## Exercise
Drop the pictures; give again exactly the lines from the one holding "돌아오는 길에 결국 카페에" through the end of the data.

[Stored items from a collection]
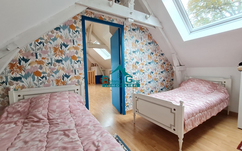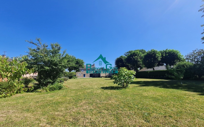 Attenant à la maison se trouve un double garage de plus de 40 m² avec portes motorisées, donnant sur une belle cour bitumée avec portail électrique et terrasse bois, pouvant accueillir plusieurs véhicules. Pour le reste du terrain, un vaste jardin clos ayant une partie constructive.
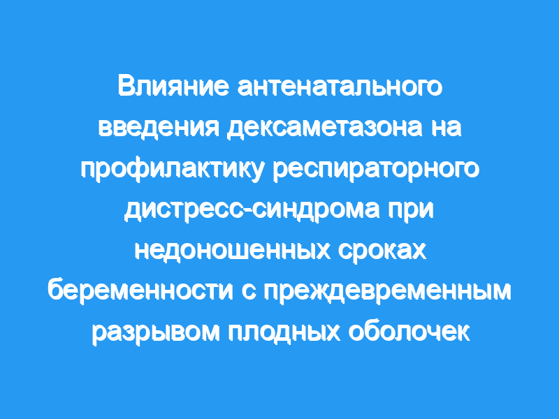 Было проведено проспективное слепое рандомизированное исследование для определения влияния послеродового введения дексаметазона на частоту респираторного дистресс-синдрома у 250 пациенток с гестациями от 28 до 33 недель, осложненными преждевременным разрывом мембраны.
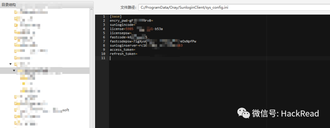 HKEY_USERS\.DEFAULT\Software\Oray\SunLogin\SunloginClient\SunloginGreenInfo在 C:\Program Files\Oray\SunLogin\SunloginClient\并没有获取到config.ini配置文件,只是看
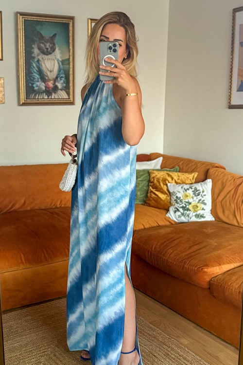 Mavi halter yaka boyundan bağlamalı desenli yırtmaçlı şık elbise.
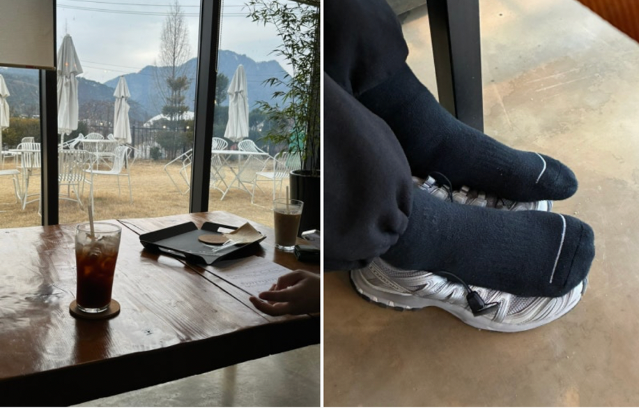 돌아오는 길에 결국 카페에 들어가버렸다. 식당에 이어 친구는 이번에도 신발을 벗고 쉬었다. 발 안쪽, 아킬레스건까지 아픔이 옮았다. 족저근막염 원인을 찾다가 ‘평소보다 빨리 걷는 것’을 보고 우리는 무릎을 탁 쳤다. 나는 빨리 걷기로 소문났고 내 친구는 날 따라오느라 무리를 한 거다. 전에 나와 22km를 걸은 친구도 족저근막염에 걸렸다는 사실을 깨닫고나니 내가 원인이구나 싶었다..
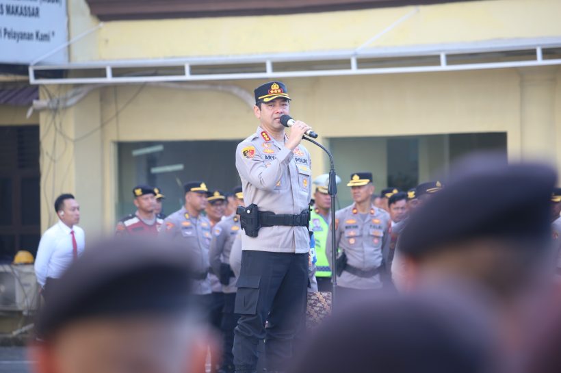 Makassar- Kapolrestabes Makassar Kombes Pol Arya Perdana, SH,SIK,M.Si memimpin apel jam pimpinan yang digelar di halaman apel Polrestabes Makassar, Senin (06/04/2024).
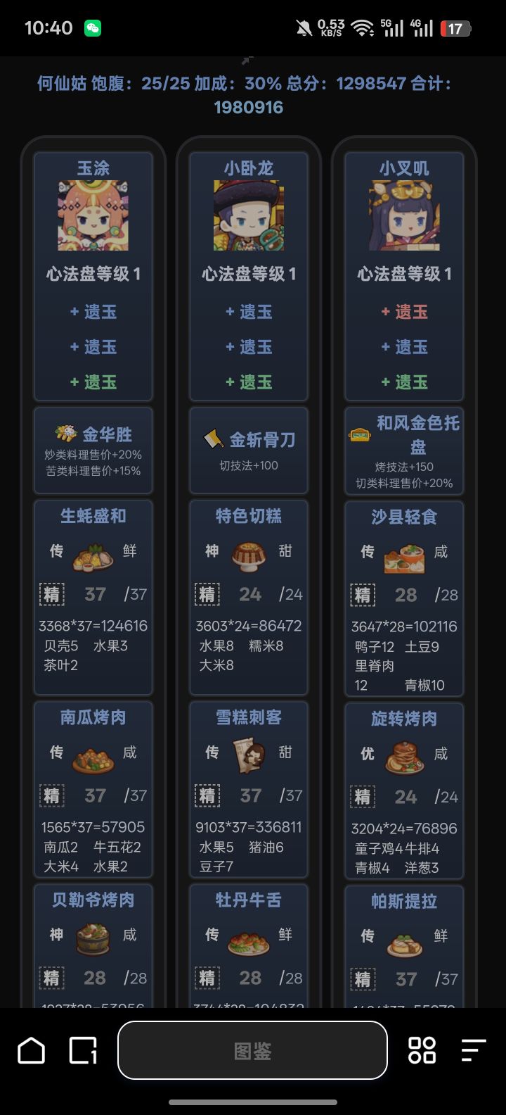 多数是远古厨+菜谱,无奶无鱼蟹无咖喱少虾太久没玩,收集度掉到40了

## Result of this exercise
 돌아오는 길에 결국 카페에 들어가버렸다. 식당에 이어 친구는 이번에도 신발을 벗고 쉬었다. 발 안쪽, 아킬레스건까지 아픔이 옮았다. 족저근막염 원인을 찾다가 ‘평소보다 빨리 걷는 것’을 보고 우리는 무릎을 탁 쳤다. 나는 빨리 걷기로 소문났고 내 친구는 날 따라오느라 무리를 한 거다. 전에 나와 22km를 걸은 친구도 족저근막염에 걸렸다는 사실을 깨닫고나니 내가 원인이구나 싶었다..
 Makassar- Kapolrestabes Makassar Kombes Pol Arya Perdana, SH,SIK,M.Si memimpin apel jam pimpinan yang digelar di halaman apel Polrestabes Makassar, Senin (06/04/2024).
 多数是远古厨+菜谱,无奶无鱼蟹无咖喱少虾太久没玩,收集度掉到40了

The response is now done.